Let me move on to ethics. Ethics, Harman says, is quite unlike science when it comes to observation. So, having told us how science works, we should be able to see that ethics doesn't work that way. Let's give it a shot.

So, Harman discusses the example of an ethical obseravtion. You're walking down the street, and you see a bunch of kids burning a cat (his example, not mine!). You immediately come to the conclusion "It's wrong to burn a cat." Now, you didn't necessarily believe this before you saw it. It might be that life never afforded you the opportunity to consider the case of a cat lynching. So we can call this a full-fledged observation of an ethical fact. Of course, of course, your pre-existing beliefs about what's right and wrong factor into your observation, but that doesn't matter because (as Harman argued above) the case is the same for any observation, including a scientific one. Every obseration is processed through the brain's machinary before coming to your consciousness, whether it's an ethical observation or a scientific one.

Now, in science we said that we have reason to believe that scientific facts are true because they are necessary for providing the best explanation for the fact that you had the observation that you did. Now, let's try this for ethics. What is the best explanation for the fact that you had the ethical obseration that you did, that you observed that it's wrong to burn cats? Here are a couple options:
(a) You actually did perceived something in the world that appears the way that you observed it, that is, you actually managed to perceive/see ethical properties in the world, the same way people observe that a ball is blue or that a tree is tall.
(b) You were "hallucinating." Your experience was that of an observation about something real in the world, but actually it was your brain and beliefs doing all the work.

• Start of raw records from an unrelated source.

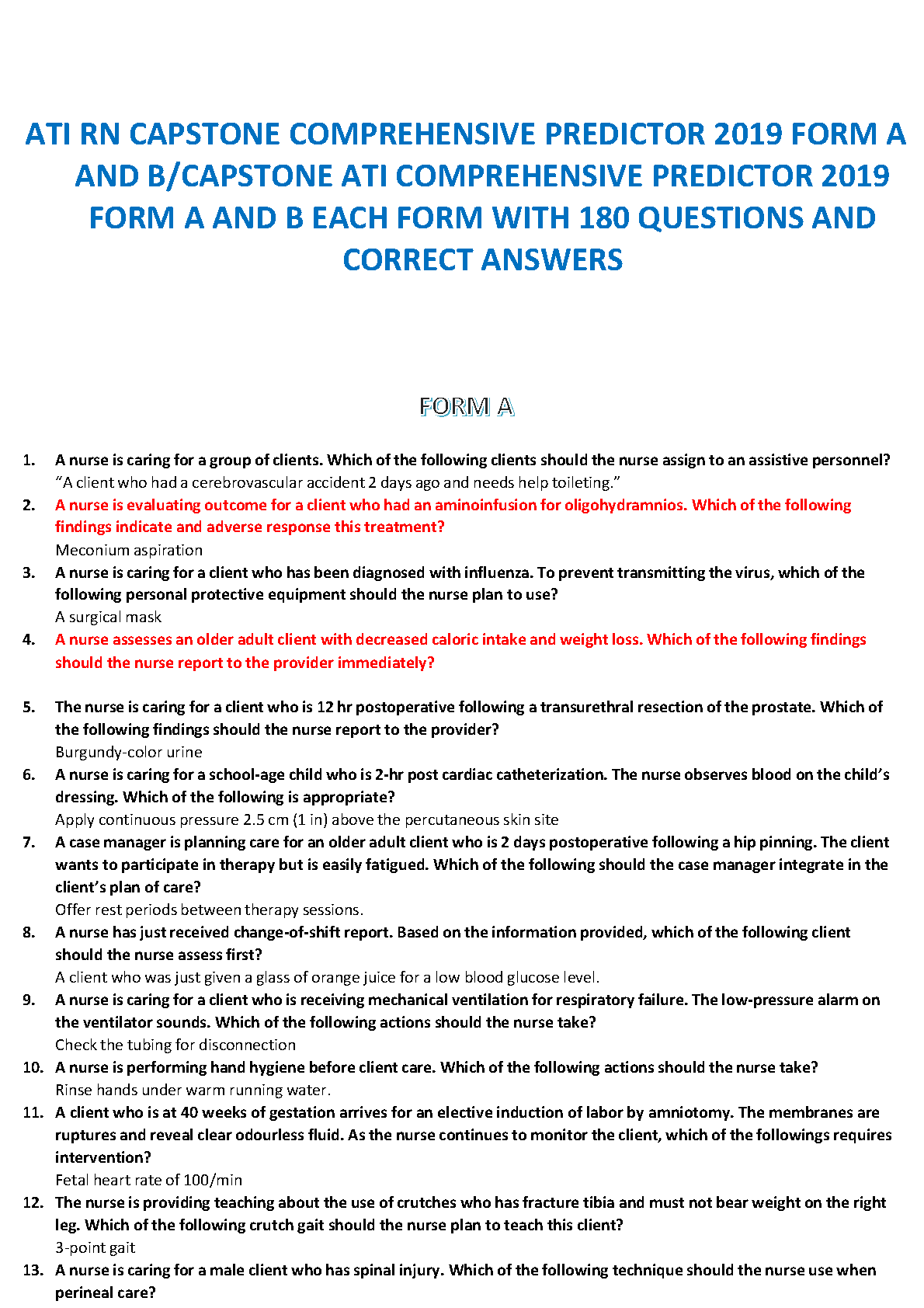 ATI RN Capstone Comprehensive Predictor 2019 Forms A and B: 180 Questions and Correct Answers by ATI
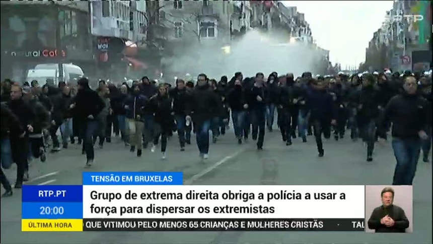 Um grupo de extrema direita invadiu a Praça da Bolsa em Bruxelas onde centenas de pessoas prestavam homenagem às vítimas dos atentados terroristas.
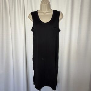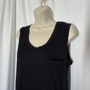 • Features: Scoop neck midi length sleeveless T-shirt dress with single chest pocket and side slits. Slightly sheer. See photos.
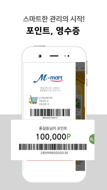 -Você pode usar convenientemente o cartão de ponto da filial M-Mart Gwangwoondae no celular e verificar os pontos a qualquer hora, em qualquer lugar.
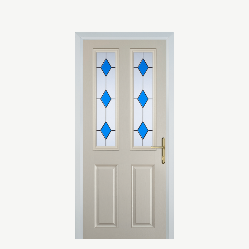 Introducing the Door C 2 Panel 2 Square Cream 3 Drop Diamond Blue, a stunning addition to your home that combines style, durability, and security. This elegant composite front door is designed to enhance your home's curb appeal while providing a warm welcome to all who enter.
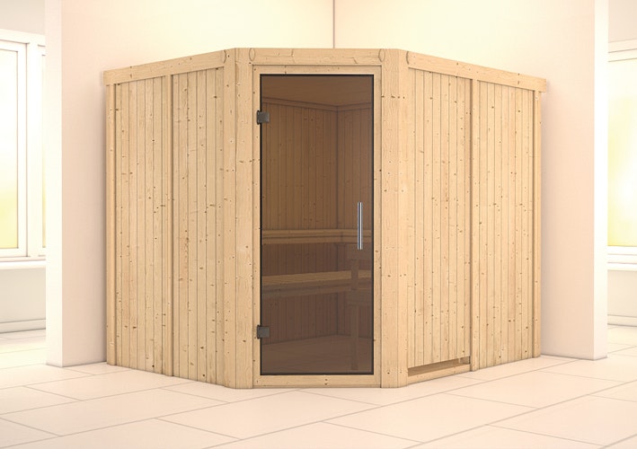 Karibu Sauna Malin mit Eckeinstieg 68 mm
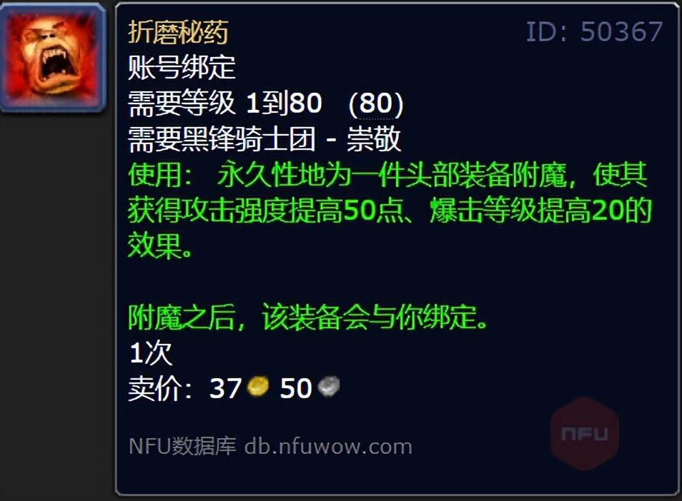 物理输出职业必须要刷的是黑锋骑士团阵营声望,同样的物理输出头部毕业附魔需要在该阵营购买,折磨秘药攻击强度增加50点,暴击等级提高20点,是所有物理职业都必须要购买的。
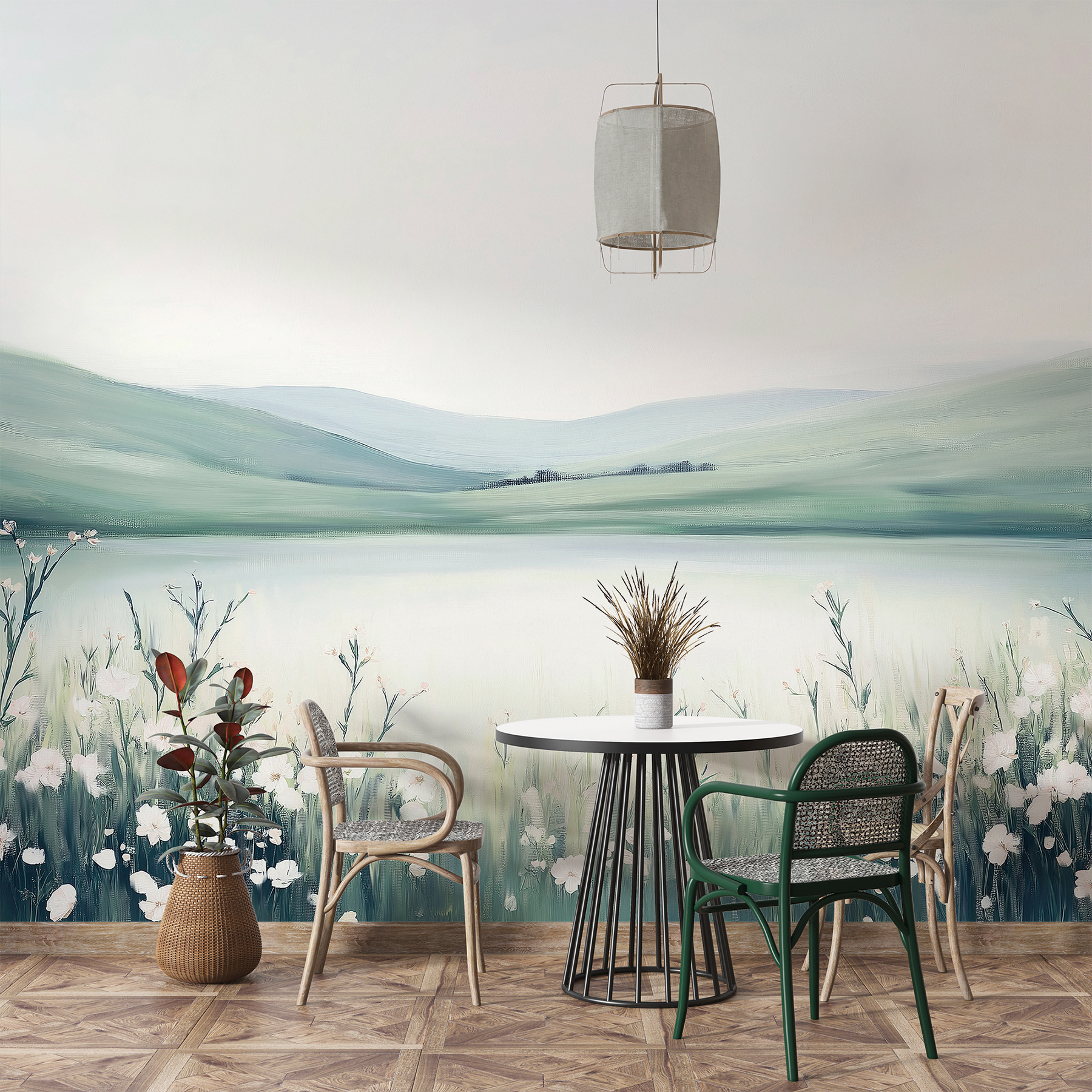 Perfeito para aqueles momentos em que só precisa de respirar e escapar, transforma as suas paredes num horizonte extenso. Há uma certa tranquilidade quando se olha para ele – quase se consegue ouvir o farfalhar das flores silvestres ao sabor da brisa. Quer se trate de um recanto de leitura acolhedor ou de um retiro de quarto fresco, este mural cria uma vibração tranquila que é difícil de resistir. Adicione uma chávena de chá e um bom livro, e terá o seu próprio pequeno santuário!
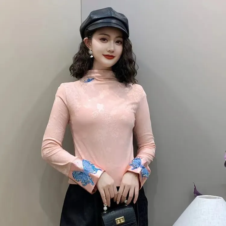 衣都精品- 新款時尚藍蝶翩翩半高領內搭上衣
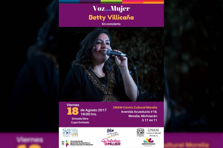NOTICIAS 14/08/2017Betty Villicaña en concierto en la UNAM Centro Cultural Morelia Con el apoyo de la Secretaría de Igualdad Sustantiva y Desarrollo de las Mujeres Michoacanas, este viernes 18 de agosto se presenta la interprete Betty Villicaña en concierto, como parte del Ciclo "Voz.. mujer".
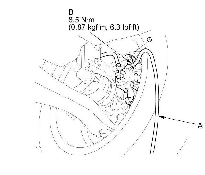 4. Attach a length of clear drain tube (A) to the bleed screw (B), then loosen the bleed screw to allow air to escape from the system. Then tighten the bleed screw securely.
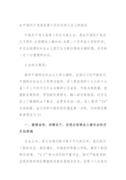 在中国共产党某县第十四次代表大会上的报告中国共产党X县第十四次代表大会,是在中国共产党成立X周年、全面建成小康社会,向第二个百年奋斗目标迈进,开启全面建设社会主义现代化X新征程的关键时期,召开的一次十分重要的会议。大会的主题是:高举中国特色社会主义伟大旗帜,坚持以习近平新时代中国特色社会主义思想为指导,深入贯彻党的十九大和十九届二中三中四中五中全会精神以及省委、市委决策部署,把握新发展阶段、贯彻新发展理念、融入新发展格局,动员全县上下激情担当干事业、奋勇争先创一流,深入推进“XX”总体部署,奋力进军中国西部百强县第一方阵,加快建设繁荣美丽活力X!一、激情奋进、拼搏实干,实现全面建成小康社会的历...
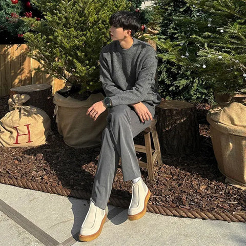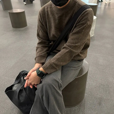 MYQ Lazy Style Round Neck Sweater Men's Autumn Korean Style Loose Bottoming Sweater Autumn And Winter Warm Coat
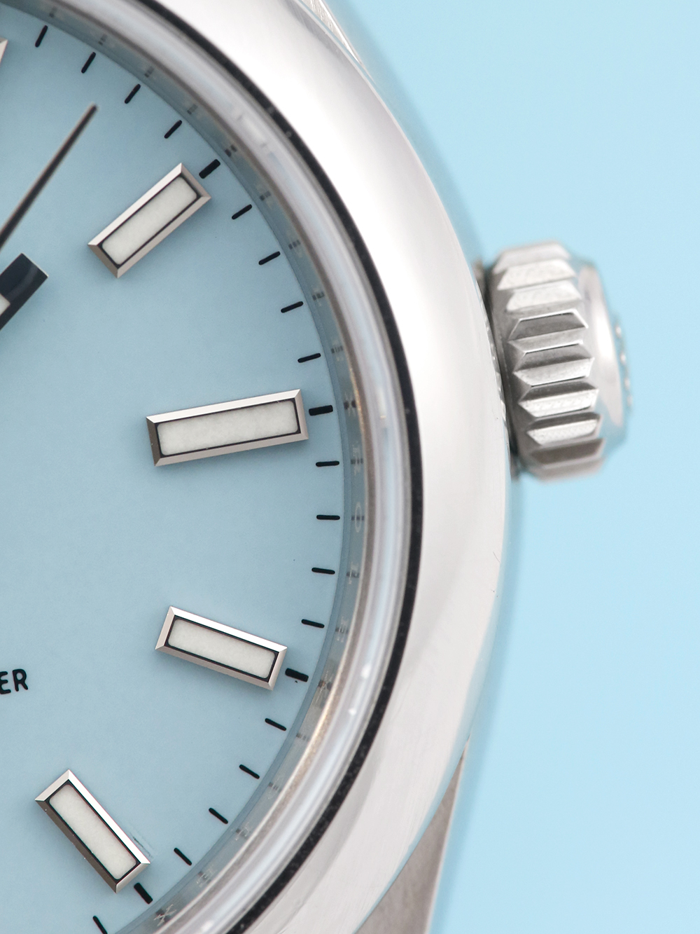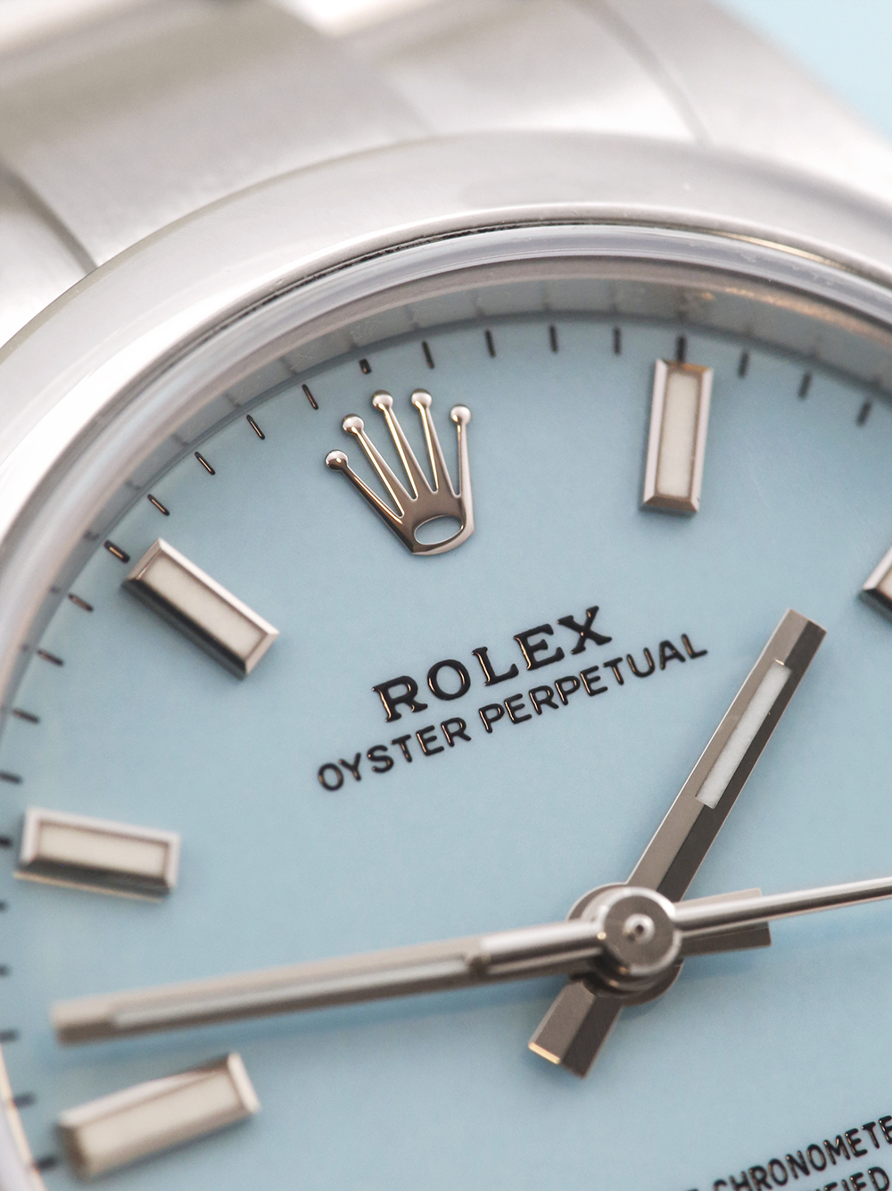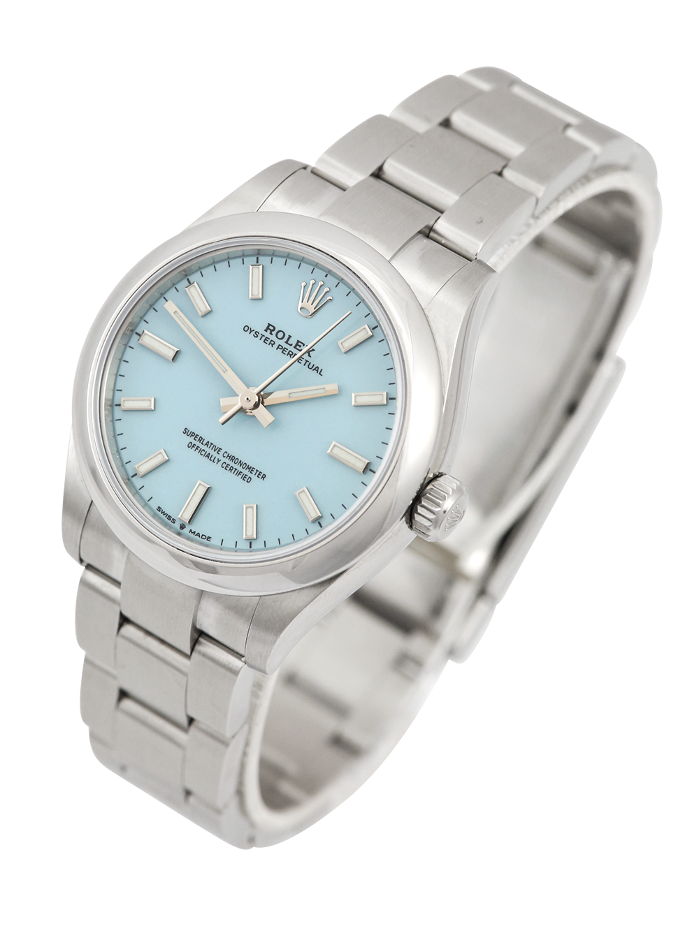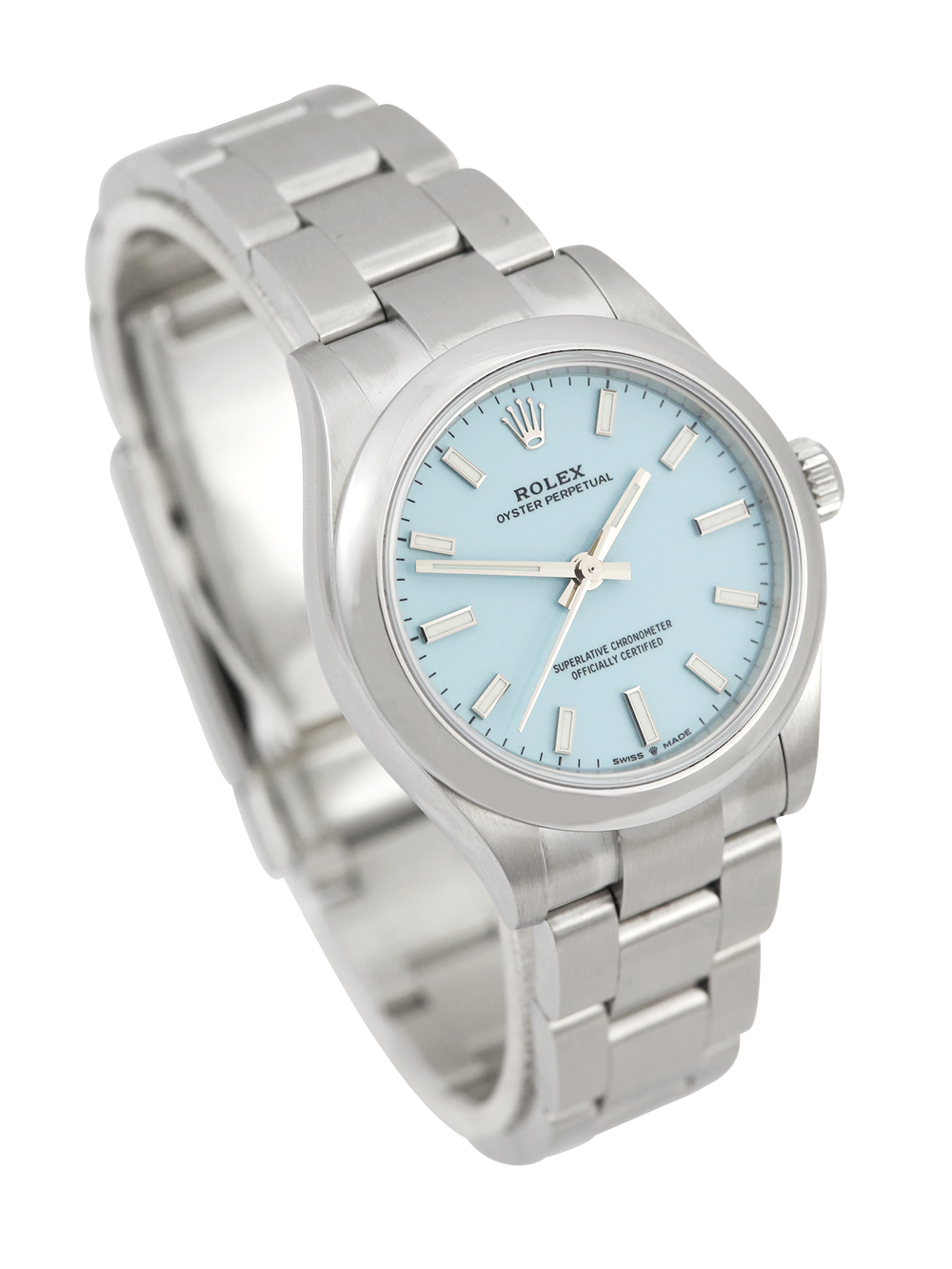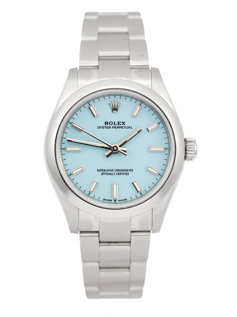 A preowned in excellent condition chronometer-certified automatic movement Rolex Oyster Perpetual 31, model reference 277200. Featuring a 31mm stainless steel case, housing a Tiffany blue (turquoise) dial with luminous hands and baton hour markers. The dial is surrounded by a polished finish stainless steel domed bezel. All presented on a full retail length brushed finish stainless steel Rolex Oyster bracelet.

Around here is where I get stuck. The idea is supposed to be that the best explanation of the fact that you had an ethical observation is (b). And so inference to the best explanation doesn't require any ethical facts to exist. But isn't this just to assume what what we were trying to prove? Oy. Need to get back to this.

1 comment:

Jeremy A-D said...

The question is, would it matter if you actually observed a cat burning in the real world? If I made an animation of children burning a cat (even a really crude one), or just talked about burning a cat, you would have the ethical observation that burning cats is bad. It seems then more like a making aware of something that you already know, rather than something you learn from observation (it crucially doesn't matter whether or not anybody has ever burned a cat). In science, on the other hand, I can talk about flying pigs as much as I want, but you won't get any biological insight out of it. Ethics seems to only require thought experiments, which makes it much easier to claim that it is simply an analysis of human thought processes, rather than of the world "out there".